In regards to the substrate the black area is Eco-Complete which I believe does contain nutrients? Please correct me if I am wrong about that. The white area is aquarium sand. My daughter is 5 and she named the tank "Sunnyside Beach" so the white sand is the beach. You, as well as others noticed the substrate is definitely too shallow. It is maybe 1" deep, less than that in a some areas. I have had a second bag of Eco-Complete for sometime but I was not 100% on the best way to add and I was holding off for a reason I do not fully understand. I have root tabs but I feel that with the Eco-Complete and Thrive dosing these plants should not really need more than that based on what I have read. 
My daughter is 5 and the whole reason we got an aquarium is that we asked if she wanted a pet to take care of. Given the choice between a rodent and fish she chose fish. I too have always admired parents who make their children's interests their own and it has been an awesome hobby. She could care less about the plants, so I that is my personal end of the tank but she loves the fish, the unicorn statues, 'sunnyside beach' etc... She feeds the fish each morning, knows we have to watch the temperature, clean the tank, etc. She knows a lot more about proper aquarium care than many adults with tanks! 

*Seerking* I have been eyeing the fluval's every time I go to my LFS from the day I started the aquarium. The price caused me to hold off and I used a stingray on my 20 gal long and then I bought the current Fugeray Planted + for $25 for when I moved to the 40gal. My PAR research online indicated that at 24" I would get PAR around 50, which I believed was sufficient for the basic plants I am trying to grow. I do have my current light on a timer which has been helpful for regularity. The light is on from 8am -12 pm, then off for a 'nap' from 12-2 and back on again from 2-6. 
The price of the Fluval is within my budget, much more so than last year. I believe I will end up purchasing a Fluval sooner than later. I was looking online at the Fluval Fresh and Plant 2.0 and the Fluval Plant Spectrum Bluetooth that just recently came out. The price difference seems negligible. For my 40gal breeder would you recommend the 36-46" 2.0 or Bluetooth model? If light extraction is the same than I'll just go with the newer model with more gimmicks. 
Yes, substrate is too shallow. That is priority #1. SA far as co2 dosing, I am not set up for a tank. Would you recommend something like Excel or is there a small system I can use with the little disposable co2 canisters for a brief dosing period? I actually have a nice regulator I came in to but none of the other equipment I would need to use it with my tank. 
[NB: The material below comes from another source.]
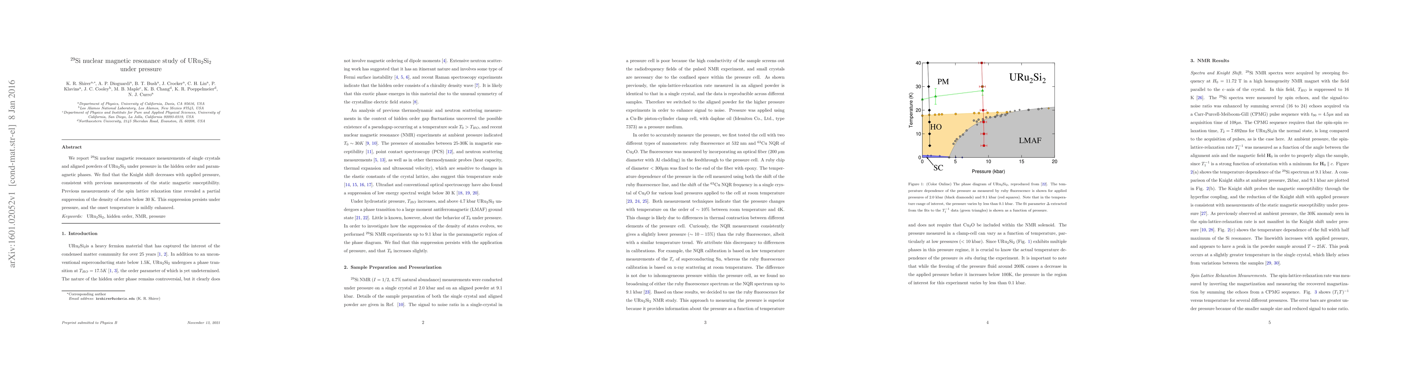 This study investigates 29Si nuclear magnetic resonance in URu2Si2 under pressure, revealing a decrease in Knight shift with increasing pressure, aligning with magnetic susceptibility trends. The suppression of the density of states below 30 K persists under pressure, with a slight increase in the onset temperature.

*tamsin* Substrate going to be increased this week. Have the bag Eco-Complete on hand, time is harder to find but I will make it happen this week. I have some root tabs left from when I was using an inert gravel but now that I am using Eco-Complete and dosing Thrive I feel I should not need the tabs. As far as water changes I do weekly water changes but not 50%. I have generally done 25-35% most of the time. My fish bio load is not high and the weekly changes so far have maintained Nitrates in the 10-20ppm range consistently. Would there be a benefit to changing out 50% weekly? K thought that much would be for a more advanced approach, like an Estimative Index. 
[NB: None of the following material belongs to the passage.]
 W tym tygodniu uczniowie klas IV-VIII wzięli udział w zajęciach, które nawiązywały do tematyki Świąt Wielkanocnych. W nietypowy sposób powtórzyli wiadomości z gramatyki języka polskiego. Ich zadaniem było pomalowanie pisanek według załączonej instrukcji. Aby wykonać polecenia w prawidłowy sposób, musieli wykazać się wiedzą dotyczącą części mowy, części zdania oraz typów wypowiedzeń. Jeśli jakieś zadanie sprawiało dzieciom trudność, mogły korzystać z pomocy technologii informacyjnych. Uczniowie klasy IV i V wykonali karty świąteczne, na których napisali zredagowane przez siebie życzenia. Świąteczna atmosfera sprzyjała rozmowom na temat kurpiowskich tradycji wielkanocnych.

Again, thank you all for taking the time to share your knowledge. It is greatly appreciated and I feel that I can make this thing work, with your help. My plan for the upcoming week(s) is as follows :

1. Increase substrate depth. I already have a bag of Eco-Complete, it should get me to about 2" everywhere. Plan is to slowly add with a submersed cup/bowl at the bottom of the tank. Any tips on how to do this effectively? Should I pull up the plants first and replant after?

2. Continue to do weekly water changes as I have been. 50% RO, 50% tap and bout 30% change each week.

3. After increasing substrate depth to 2" move the plants in to tighter groups. Add a few more plants to the tank, keeping closer together.

4. Look in to Fluval Fresh and Plant. May not purchase immediately but in the near future.

Any other feed back or tips are most welcome!


----------



## OVT (Nov 29, 2011)

Eco-Complete is indeed innert.

I would not agonize over how to add it. The cup will work. Personally, I would drop the water level a bit and dump the stuff right from the bag. In the world of substrares, it is one of the cleanest. The water will clear overnight. I belive there is a plastic packet of water clarifier in the bag, it will help a bit.

I would start from the right back corner, go around the back and end at around the driftwood area, leaving the beach alone. That will give you a gentle slope towards the glass. Then lift driftwood/decorations, and gently pull crypts up by the stems until the bottom of the stems are roughly level with the substrate. The rest of the plast I see will be fine, or pull them up a bit, as needed. 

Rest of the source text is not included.